Don't forget to do a calendar of the G/O doing stupid sh*t, they know what's right and wrong and do it anyways.


----------



## james s melson (Aug 19, 2003)

Good idea MACBARN, maybe you could add a picture of yourself trying to use a keyboard. Just a thought, maybe you and some of the Superhunters I read about on this site should try packing up your gear and head out of state on a hunt. You will get a quick lesson in how tough it is and how dedicated you have to be to the love of the sport to want to do it, it must be nice to throw a dozen decoys in the rusty ole truck and hunt in your backyard. You made up the story.


----------



## SiouxperDave25 (Oct 6, 2002)

james s melson said:


> Good idea MACBARN, maybe you could add a picture of yourself trying to use a keyboard.


 :lol: :rollin:


----------



## Eric Hustad (Feb 25, 2002)

That was good James :bowdown:


----------



## KEN W (Feb 22, 2002)

Come on MACBURN...I've seen resident hunters do some pretty stupid things.Are you going to make a calendar for res. also?????


----------



## muskat (Mar 5, 2002)

I have to agree with Ken on this one, just this last weekend I saw some amazing stuff by Resident hunters. I think a calender for idiots, both res and NR, would be knee slappin HILARIOUS.


----------



## Lazyass (Oct 8, 2003)

i agree


----------



## Dano2 (Oct 8, 2002)

Its great to see the good attitudes of most of you ND residents here.
But theres always them few ignorant A-holes that have to try an stir things up.


----------



## Ripline (Jan 10, 2003)

Had one for both calendars. A resident buried to the doors in a lake trying to launch a boat (YES a resident) AND a NR buried to the doors trying to pull them out. I pulled out both. Had a 150 ft cable


----------



## hansonni (Aug 19, 2002)

If we all thought back on our own experiences, we could probably think of a few times that, had a camera been present, we too would have made that calender. I know I could probably think of a different one for each month all on my own.

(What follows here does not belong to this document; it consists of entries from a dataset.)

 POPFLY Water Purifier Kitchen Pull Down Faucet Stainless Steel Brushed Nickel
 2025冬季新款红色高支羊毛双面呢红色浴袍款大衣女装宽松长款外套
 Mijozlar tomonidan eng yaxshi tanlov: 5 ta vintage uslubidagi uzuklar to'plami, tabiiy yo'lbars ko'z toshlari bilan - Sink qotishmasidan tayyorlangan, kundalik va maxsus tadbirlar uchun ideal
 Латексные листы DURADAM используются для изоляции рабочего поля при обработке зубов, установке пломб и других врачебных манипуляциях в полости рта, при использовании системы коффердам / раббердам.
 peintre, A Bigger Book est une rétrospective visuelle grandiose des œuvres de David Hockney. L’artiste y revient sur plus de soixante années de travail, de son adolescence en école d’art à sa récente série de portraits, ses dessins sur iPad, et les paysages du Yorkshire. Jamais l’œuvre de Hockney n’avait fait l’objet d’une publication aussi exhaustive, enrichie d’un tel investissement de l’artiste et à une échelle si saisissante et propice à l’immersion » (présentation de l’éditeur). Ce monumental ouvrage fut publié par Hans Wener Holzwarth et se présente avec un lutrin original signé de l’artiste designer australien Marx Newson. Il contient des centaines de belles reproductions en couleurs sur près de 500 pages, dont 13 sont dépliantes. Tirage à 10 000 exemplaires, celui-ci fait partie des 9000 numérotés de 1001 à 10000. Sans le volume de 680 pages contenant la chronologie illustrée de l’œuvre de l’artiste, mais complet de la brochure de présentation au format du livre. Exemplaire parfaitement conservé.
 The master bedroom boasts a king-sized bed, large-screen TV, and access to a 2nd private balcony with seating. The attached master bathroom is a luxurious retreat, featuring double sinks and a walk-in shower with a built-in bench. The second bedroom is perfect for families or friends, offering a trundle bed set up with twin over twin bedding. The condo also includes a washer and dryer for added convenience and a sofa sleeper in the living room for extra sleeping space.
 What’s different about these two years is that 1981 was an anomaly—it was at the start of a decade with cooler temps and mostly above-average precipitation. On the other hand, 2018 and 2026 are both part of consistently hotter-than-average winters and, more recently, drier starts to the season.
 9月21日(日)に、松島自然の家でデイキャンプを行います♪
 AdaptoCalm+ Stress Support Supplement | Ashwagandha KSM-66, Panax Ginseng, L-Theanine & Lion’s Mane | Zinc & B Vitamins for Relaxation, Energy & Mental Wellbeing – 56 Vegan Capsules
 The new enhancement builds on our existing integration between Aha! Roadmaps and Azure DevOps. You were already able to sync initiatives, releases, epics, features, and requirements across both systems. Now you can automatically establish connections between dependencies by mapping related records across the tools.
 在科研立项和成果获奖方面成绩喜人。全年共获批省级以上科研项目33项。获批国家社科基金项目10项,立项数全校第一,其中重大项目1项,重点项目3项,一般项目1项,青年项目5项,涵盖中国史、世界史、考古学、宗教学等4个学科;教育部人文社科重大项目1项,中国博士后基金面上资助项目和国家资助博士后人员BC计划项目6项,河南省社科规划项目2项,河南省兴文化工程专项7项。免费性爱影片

Everyone has done one stupid thing or another out in the field, given enough time, and if they say differently they are lying!!


----------



## nodakoutdoors.com (Feb 27, 2002)

On our way up to Saskatchewan last weekend, while going over the Des Lacs Refuge on the north end...the nut on the bottom of the ball for the trailer somehow wedged lose causing the trailer to come unhitched........breaking the chains......and causing Mavericks trailer to do about 6 rolls with bigfoots flying as far as the eyes could see.

We would've made the cover...   I'll elaborate more in the November column.


----------



## Maverick (Mar 4, 2002)

Can you say WOW...... Kind of like you popped a bag a of popcorn that had to much popcorn in it and it blows up...you know.....kind of like that... but a trailor full of bigfoots?  We were really lucky no one was behind us....

Mav....


----------



## fishhook (Aug 29, 2002)

sorry about your luck....that sucks


----------



## KEN W (Feb 22, 2002)

Trailer..........6 rolls??? was it salvagable????


----------



## nodakoutdoors.com (Feb 27, 2002)

I don't think so....Mav does.....We know a welder so I think he's going to give it a try.

For the record, the bigfoots got rolled over, thrown, hit by semi's driving by, etc. and still look good as new. Show me another decoy that can take that!!!!!


----------



## GooseBuster3 (Mar 1, 2002)

Huey it sounded like it was a trip from hell eh??


----------